EXERCISE: Leaving out the pictures, return word for word the stretch of entries below from the line holding "深圳市科技创新委员会关于征集科技抗疫创新产品的函" through the line holding "Gifford Pinchot was".
SUPPLIED MATERIAL below:
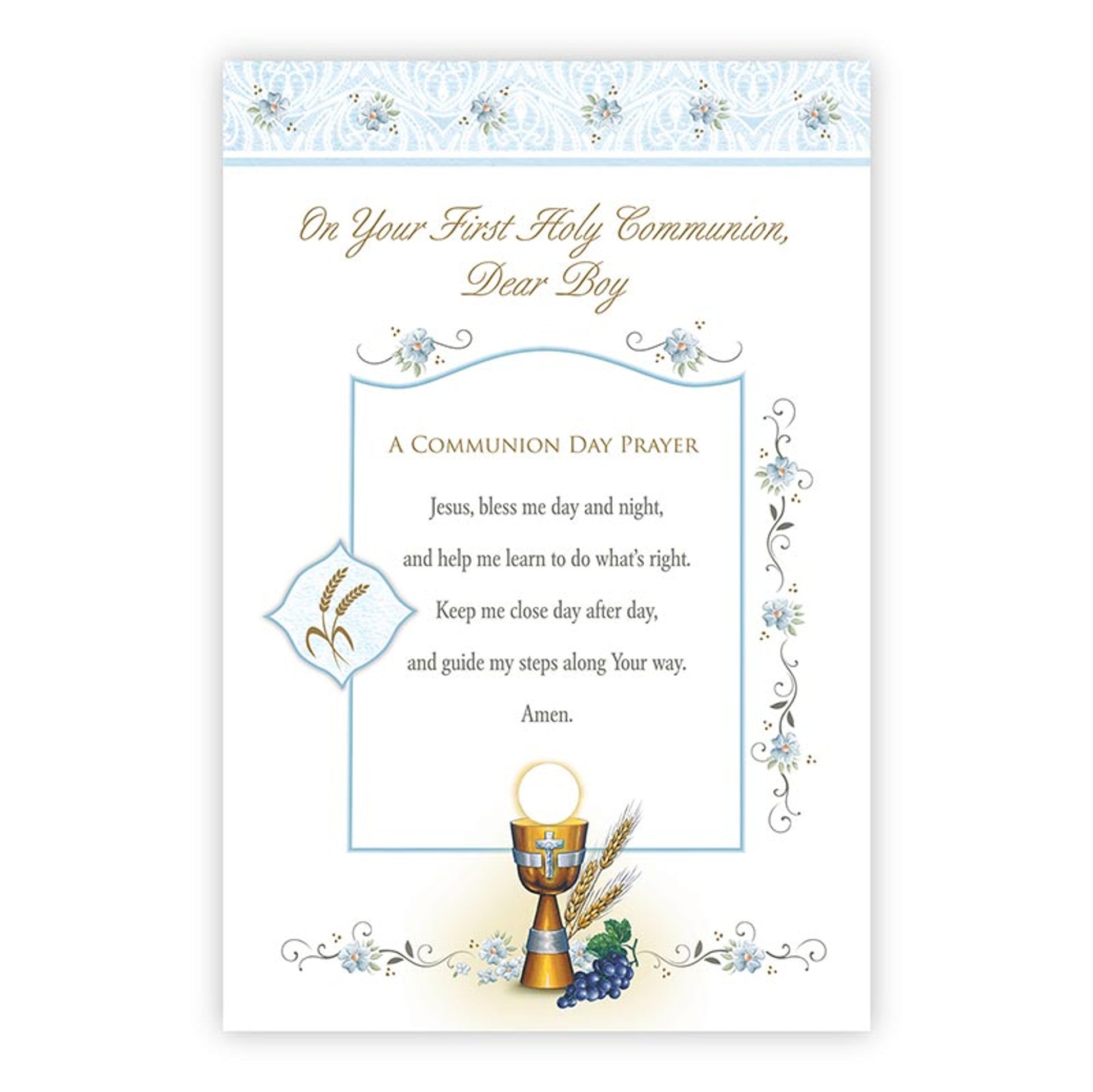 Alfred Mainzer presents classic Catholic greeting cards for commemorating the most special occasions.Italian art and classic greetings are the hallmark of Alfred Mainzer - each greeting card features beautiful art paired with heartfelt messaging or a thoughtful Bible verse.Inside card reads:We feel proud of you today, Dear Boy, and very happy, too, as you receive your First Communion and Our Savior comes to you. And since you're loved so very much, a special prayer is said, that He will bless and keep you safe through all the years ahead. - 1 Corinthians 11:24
End of SUPPLIED MATERIAL.
SUPPLIED MATERIAL below:
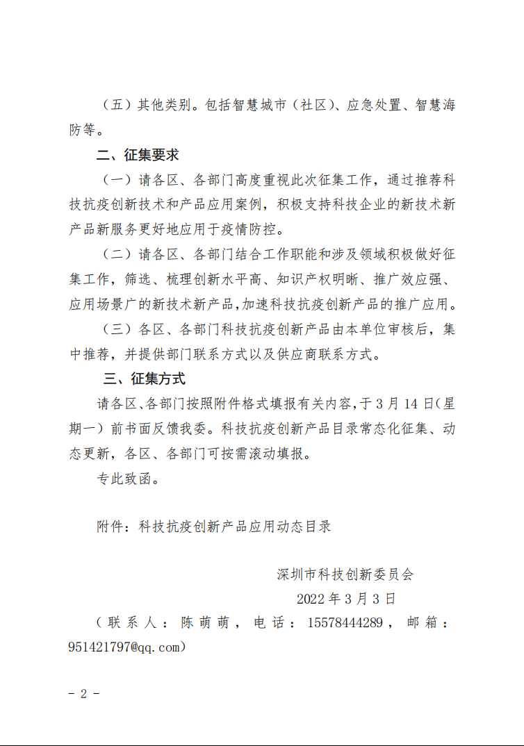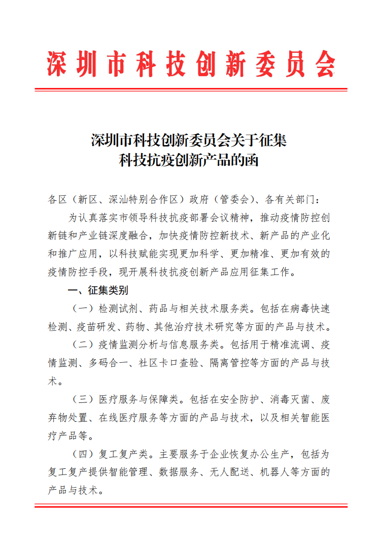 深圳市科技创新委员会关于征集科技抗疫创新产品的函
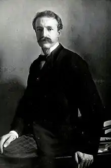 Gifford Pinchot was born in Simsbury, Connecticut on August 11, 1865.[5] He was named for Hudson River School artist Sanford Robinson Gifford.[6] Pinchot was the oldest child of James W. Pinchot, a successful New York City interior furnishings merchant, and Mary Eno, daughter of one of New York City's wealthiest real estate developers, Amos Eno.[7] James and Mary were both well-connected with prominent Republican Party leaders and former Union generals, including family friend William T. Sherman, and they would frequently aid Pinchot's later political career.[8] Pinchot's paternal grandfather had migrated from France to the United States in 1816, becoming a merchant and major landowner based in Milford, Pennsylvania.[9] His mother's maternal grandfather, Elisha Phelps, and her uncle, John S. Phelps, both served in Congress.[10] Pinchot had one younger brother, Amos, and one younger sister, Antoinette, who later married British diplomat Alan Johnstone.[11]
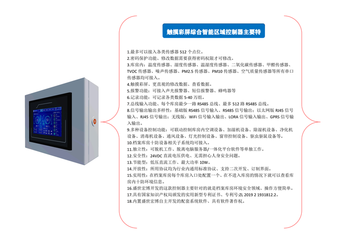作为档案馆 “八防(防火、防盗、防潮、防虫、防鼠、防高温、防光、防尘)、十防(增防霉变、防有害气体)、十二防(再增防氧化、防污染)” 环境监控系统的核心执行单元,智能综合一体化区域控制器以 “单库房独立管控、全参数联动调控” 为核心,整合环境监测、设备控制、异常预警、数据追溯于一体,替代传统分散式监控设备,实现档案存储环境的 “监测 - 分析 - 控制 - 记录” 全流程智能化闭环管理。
End of SUPPLIED MATERIAL.
YOUR SOLUTION:
 深圳市科技创新委员会关于征集科技抗疫创新产品的函
 Gifford Pinchot was born in Simsbury, Connecticut on August 11, 1865.[5] He was named for Hudson River School artist Sanford Robinson Gifford.[6] Pinchot was the oldest child of James W. Pinchot, a successful New York City interior furnishings merchant, and Mary Eno, daughter of one of New York City's wealthiest real estate developers, Amos Eno.[7] James and Mary were both well-connected with prominent Republican Party leaders and former Union generals, including family friend William T. Sherman, and they would frequently aid Pinchot's later political career.[8] Pinchot's paternal grandfather had migrated from France to the United States in 1816, becoming a merchant and major landowner based in Milford, Pennsylvania.[9] His mother's maternal grandfather, Elisha Phelps, and her uncle, John S. Phelps, both served in Congress.[10] Pinchot had one younger brother, Amos, and one younger sister, Antoinette, who later married British diplomat Alan Johnstone.[11]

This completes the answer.